The show featured a discussion on the typical work cycles of developers and fell into the mistake of re-iterating the stereotype of developers as working great in bursts of time, often late in the night. I’m not going argue much about the time frame - many developers, myself included, do work great at night time.
What I’m going to argue with is with the suggestion that developers write amazingly good code at this time and terrible code at other times (as suggested by Dan1). Unfortunately I don’t think this is necessarily true - it’s true that developers who are in the zone can churn out a lot of code when they are on a roll, but the quality of that code is not necessarily going to be high (though it could be).

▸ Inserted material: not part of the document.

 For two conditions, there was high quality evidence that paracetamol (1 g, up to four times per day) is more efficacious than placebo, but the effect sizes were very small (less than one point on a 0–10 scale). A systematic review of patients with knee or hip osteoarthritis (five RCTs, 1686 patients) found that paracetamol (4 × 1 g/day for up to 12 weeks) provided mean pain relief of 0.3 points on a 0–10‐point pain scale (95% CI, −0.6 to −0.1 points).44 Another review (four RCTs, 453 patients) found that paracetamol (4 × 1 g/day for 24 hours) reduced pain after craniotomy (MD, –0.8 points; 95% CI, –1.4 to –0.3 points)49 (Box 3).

Bugs can occur at any time, and in my opinion, when you’re on a roll there’s just as much chance of introducing bugs. In fact, I’d go so far as to say that when you’re on a roll you could be more prone to introducing bugs, because you’re thinking ahead more than you’re focused on the piece of code you’re writing right now.
Dan and Marco seem to agree that creativity is not something that can be done on demand, but in the end, not all software development is creative (as Marco mentioned in the podcast). Software engineering is like producing music and graphical works - there are flashes of genius which can come at unexpected times. But for the every composer who works to his own schedule, there are many more musicians who work to schedules writing jingles for adverts, music for games, music for film. For every painter, there is a graphic designer churning out a new advert, or graphics for a game, or movie special effects. For every coder who writes a sweet new algorithm for the love of it, there’s another churning out code for cash.

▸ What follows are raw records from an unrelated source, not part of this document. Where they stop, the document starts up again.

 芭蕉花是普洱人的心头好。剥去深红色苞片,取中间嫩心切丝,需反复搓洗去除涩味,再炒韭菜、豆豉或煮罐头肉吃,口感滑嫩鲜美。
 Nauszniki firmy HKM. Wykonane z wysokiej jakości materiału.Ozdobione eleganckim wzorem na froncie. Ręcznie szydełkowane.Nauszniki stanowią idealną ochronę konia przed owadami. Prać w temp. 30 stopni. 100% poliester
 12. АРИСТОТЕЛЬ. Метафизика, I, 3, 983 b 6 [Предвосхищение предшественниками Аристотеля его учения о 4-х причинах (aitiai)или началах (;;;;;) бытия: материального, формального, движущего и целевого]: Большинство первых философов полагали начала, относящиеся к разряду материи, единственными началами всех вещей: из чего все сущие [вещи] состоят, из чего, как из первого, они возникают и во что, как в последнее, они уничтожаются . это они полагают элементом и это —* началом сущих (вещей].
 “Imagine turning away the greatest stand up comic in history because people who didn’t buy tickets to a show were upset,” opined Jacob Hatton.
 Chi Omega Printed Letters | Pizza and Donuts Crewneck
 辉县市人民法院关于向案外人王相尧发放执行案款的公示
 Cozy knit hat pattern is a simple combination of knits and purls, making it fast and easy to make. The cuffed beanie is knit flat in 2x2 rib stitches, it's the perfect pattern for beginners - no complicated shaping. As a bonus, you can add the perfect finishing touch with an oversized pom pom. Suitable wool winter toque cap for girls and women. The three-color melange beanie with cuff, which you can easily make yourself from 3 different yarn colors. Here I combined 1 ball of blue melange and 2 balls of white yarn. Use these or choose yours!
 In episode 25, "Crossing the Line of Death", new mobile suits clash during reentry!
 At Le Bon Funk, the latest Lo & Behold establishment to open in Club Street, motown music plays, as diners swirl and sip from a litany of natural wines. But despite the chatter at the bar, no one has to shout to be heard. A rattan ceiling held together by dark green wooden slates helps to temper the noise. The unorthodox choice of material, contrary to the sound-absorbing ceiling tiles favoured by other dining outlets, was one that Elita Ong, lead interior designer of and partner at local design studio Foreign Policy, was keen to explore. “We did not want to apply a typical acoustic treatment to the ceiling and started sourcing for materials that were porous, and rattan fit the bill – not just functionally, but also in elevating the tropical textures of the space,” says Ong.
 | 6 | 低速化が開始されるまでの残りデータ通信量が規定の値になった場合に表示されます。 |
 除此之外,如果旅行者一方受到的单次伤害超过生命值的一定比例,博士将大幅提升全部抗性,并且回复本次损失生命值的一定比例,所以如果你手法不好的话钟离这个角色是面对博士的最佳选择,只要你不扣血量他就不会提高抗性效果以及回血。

Sometimes software is art, but like any art form it can be degraded to a production line when it needs to be.
“They’re gonna be super-productive. They’re gonna write, y’know, a hundred lines of awesome code in that four hour block of time, they’re gonna fix bugs, they’re gonna get tons of stuff done. But if you try to shoehorn them into doing that work between 9 and noon, let’s say, or 9 and 1, they’re gonna write crap code. It’s gonna have tons of bugs.”